◆ **Problem**
Output the lines of the records from the one containing "la tua auto." through the last, both ends included. Leave pictures out.

Stored dataset items

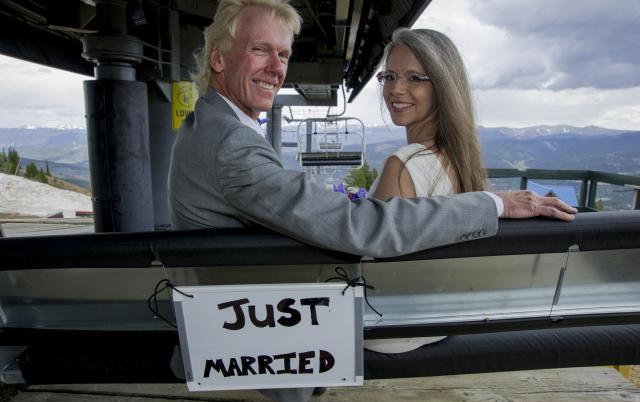 On June 18, 2013, we were married at the top of the Independence SuperChair, with our families present. Breckenridge resort personnel played a huge role in the day going smoothly, from getting everyone to Peak 7 via 4×4, to the “Just Married” sign on our chair as we rode down the Colorado SuperChair. As added sentiment, we both wear the Breckenridge rings for our wedding bands. Breckenridge has always been a special place for us, we cherish our Grand Breck memory, and look forward to making more wonderful memories in Breckenridge.”
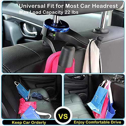 【Incredibile capacità di carico】 Il design 2 in 1 rende i ganci del seggiolino auto più resistenti dei normali ganci per auto (ogni gancio può sopportare 13 libbre, capacità di carico massima 22 libbre quando 2 in 1) e la funzione di blocco lo mantiene saldamente in posizione, che ti consente di appendere più borse su ciascun gancio, risparmiando più spazio per la tua auto.
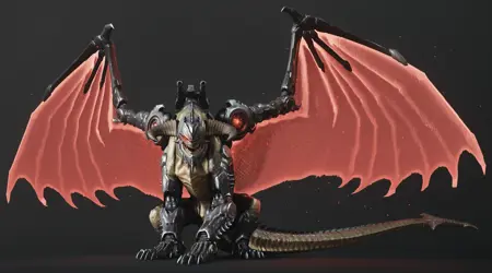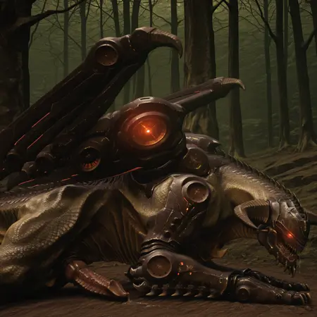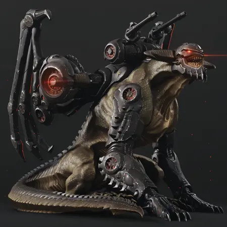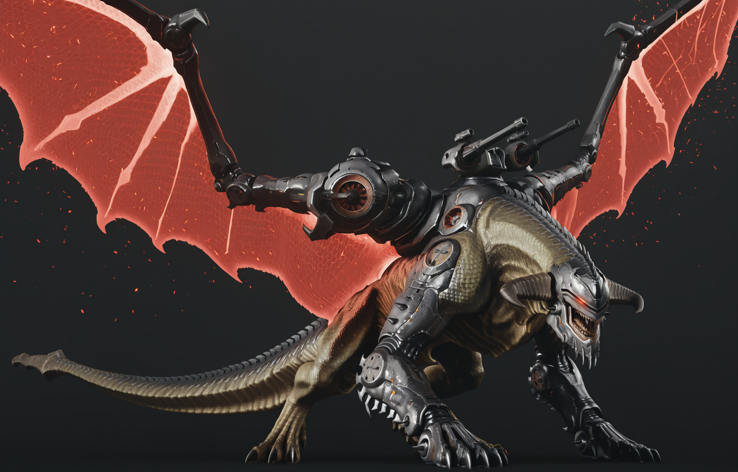 "serrat, 풍모, 드래곤, 단독, 뿔, 헬멧, 메카, 로봇, 빛나는 눈, 사이버네틱 팔, 근육질, 이빨, 날카로운 이빨, 포탑, 꼬리, 펼쳐진 날개"
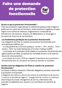 C’est une protection organisée par la collectivité publique dûe à l’agent·e public·que en raison de ses fonctions. Cette protection s’applique lorsque l’agent·e est victime de violences, d’agissements constitutifs de harcèlement, de menaces, d’injures, de diffamations ou d’outrages à l’occasion de l’exercice de ses fonctions.
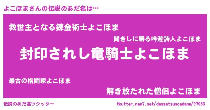 | 男性向けラノベタイトル風あだ名 | 『うちのよこほまが世界を掌握している!』 |
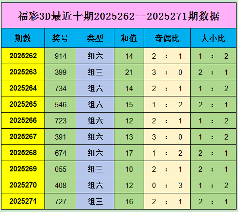 福彩3D上期开出奖号为727,奖号为组三形态,和值为16,奇偶比为2 : 1,大小比为2 : 1。
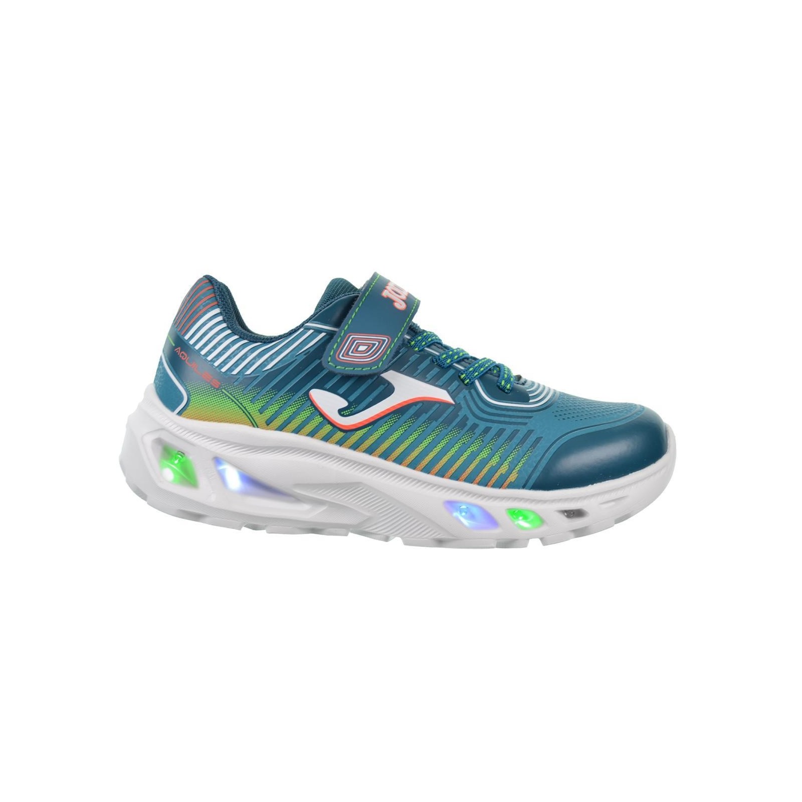 Joma Aquilesjr2417. Deportivo luces en textil y sintético, forro interior y plantilla en textil acolchado, cierre con velcro y cordones elásticos para un ajuste perfecto. Piso eva termoconformada con luces, muy ligero y flexible. Los deportivos con los que tu peque se iluminara.

◆ **Exercise answer**
 【Incredibile capacità di carico】 Il design 2 in 1 rende i ganci del seggiolino auto più resistenti dei normali ganci per auto (ogni gancio può sopportare 13 libbre, capacità di carico massima 22 libbre quando 2 in 1) e la funzione di blocco lo mantiene saldamente in posizione, che ti consente di appendere più borse su ciascun gancio, risparmiando più spazio per la tua auto.
 "serrat, 풍모, 드래곤, 단독, 뿔, 헬멧, 메카, 로봇, 빛나는 눈, 사이버네틱 팔, 근육질, 이빨, 날카로운 이빨, 포탑, 꼬리, 펼쳐진 날개"
 C’est une protection organisée par la collectivité publique dûe à l’agent·e public·que en raison de ses fonctions. Cette protection s’applique lorsque l’agent·e est victime de violences, d’agissements constitutifs de harcèlement, de menaces, d’injures, de diffamations ou d’outrages à l’occasion de l’exercice de ses fonctions.
 | 男性向けラノベタイトル風あだ名 | 『うちのよこほまが世界を掌握している!』 |
 福彩3D上期开出奖号为727,奖号为组三形态,和值为16,奇偶比为2 : 1,大小比为2 : 1。
 Joma Aquilesjr2417. Deportivo luces en textil y sintético, forro interior y plantilla en textil acolchado, cierre con velcro y cordones elásticos para un ajuste perfecto. Piso eva termoconformada con luces, muy ligero y flexible. Los deportivos con los que tu peque se iluminara.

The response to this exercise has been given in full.